Mr Nicholas Daniel1, Assoc. Prof. David Henry1, Prof.  Richard Harper1

1Murdoch University, Swan View, Australia

Soil water repellency is estimated to affect over two million hectares of southern Australia,1 resulting in approximately $100 million in production losses.2 The cause is associated with soil organic matter, which can form a coating on the mineral grains.3 However, while speculative theories have been proposed to explain experimental data, little has been done to justify the theory at the molecular level. Thus, in this study, molecular dynamics simulations were carried out using mineral surface models of amorphous silica (weathered sand surface), kaolinite (Al-OH and Si-O) and quartz. The organo-mineral interactions between hexadecanoic acid on these surfaces was calculated using radial distribution functions, mean square displacements, torsion distributions, concentration profiles, equilibrium snapshots and interaction energies. Initial models were based on previous studies by Walden et al.,4 Uddin et al.,5  and Daniel et. al.,6 which excluded the presence of water; however, the current models now include the addition of water and charge effects. These more complex models show that both the organo-mineral interactions and structure/layering of the acid molecules on the weathered sand and kaolinite (Al-OH) surfaces differ, resulting in models that more accurately reflect experimental observations.
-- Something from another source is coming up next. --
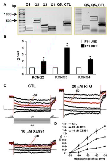 To investigate the possible role of Kv7 channels in TRPV1-activating pain-inducing stimuli, the expression of all KCNQ genes in undifferentiated F11 cells was first analyzed. As shown in the left panel of Figure 1A, semi-quantitative RT-PCR experiments revealed the presence of amplicons of the expected size for KCNQ2 (489 bp), KCNQ3 (238 bp), or KCNQ4 (98 bp) mRNAs, as previously reported in dorsal root ganglion neurons (DRG) [], whereas the amplicons for KCNQ1 (143 bp) and KCNQ5 (99 bp) were very faint or undetectable, respectively. Since KCNQ5 mRNA expression has been previously described in rat DRGs [], more stringent experimental conditions were used to reveal KCNQ5-specific transcripts; as a matter of fact, when 5 µg (instead of 1 µg) of total RNA in the retrotranscription reaction were used, a KCNQ5-specific band was clearly detected, as also confirmed by the results obtained with a second primer pair (amplicon expected size of 564 bp) directed toward a different region of KCNQ5 mRNA (right panel of Figure 1A). Given the lower intensity of the bands corresponding to KCNQ1 and KCNQ5 mRNAs when compared to that of the other Kv7 family members, quantitative PCR experiments were subsequently performed to investigate KCNQ2, KCNQ3, and KCNQ4 transcript expression in control and differentiated F11 cells. As reported in Figure 1B, all tested KCNQ mRNAs were detected in undifferentiated F11 cells, with KCNQ4 being the most abundant (Ct ~ 25), followed by KCNQ2 (Ct ~ 28) and KCNQ3 (Ct ~ 34); transcripts encoding for all three Kv7 subunits were significantly increased upon F11 cell differentiation.

  1. Harper, R. J.; McKissock, I.; Gilkes, R. J.; Carter, D. J.; Blackwell, P. S. Journal of Hydrology. 2000, 231–232, 371–383.
  2. CSIRO Case Study: Water Repellent Soils. (accessed 29/03/2019).
  3. McGhie, D. A.; Posner, A. M. Aust. J. Soil Res. 1980, 18, 309 – 323.
  4. Walden, L. L.; Harper, R. J.; Mendham, D. S.; Henry, D. J.; Fontaine, J. B. Soil Research. 2015.
  5. Uddin, S. M. M.; Daniel, N. R. R.; Harper, R. J.; Henry, D. J. Biogeochemistry. 2017, 134 (1-2), 147-161.
  6. Daniel, N. R. R.; Uddin, S. M. M.; Harper, R. J.; Henry, D. J. Geoderma. 2019, 338, 56 – 66.

Biography: PhD student at Murdoch University, Western Australia. Studies involve the combination of computational chemistry with laboratory experiments to investigate the role of various organic compounds in inducing soil water repellency.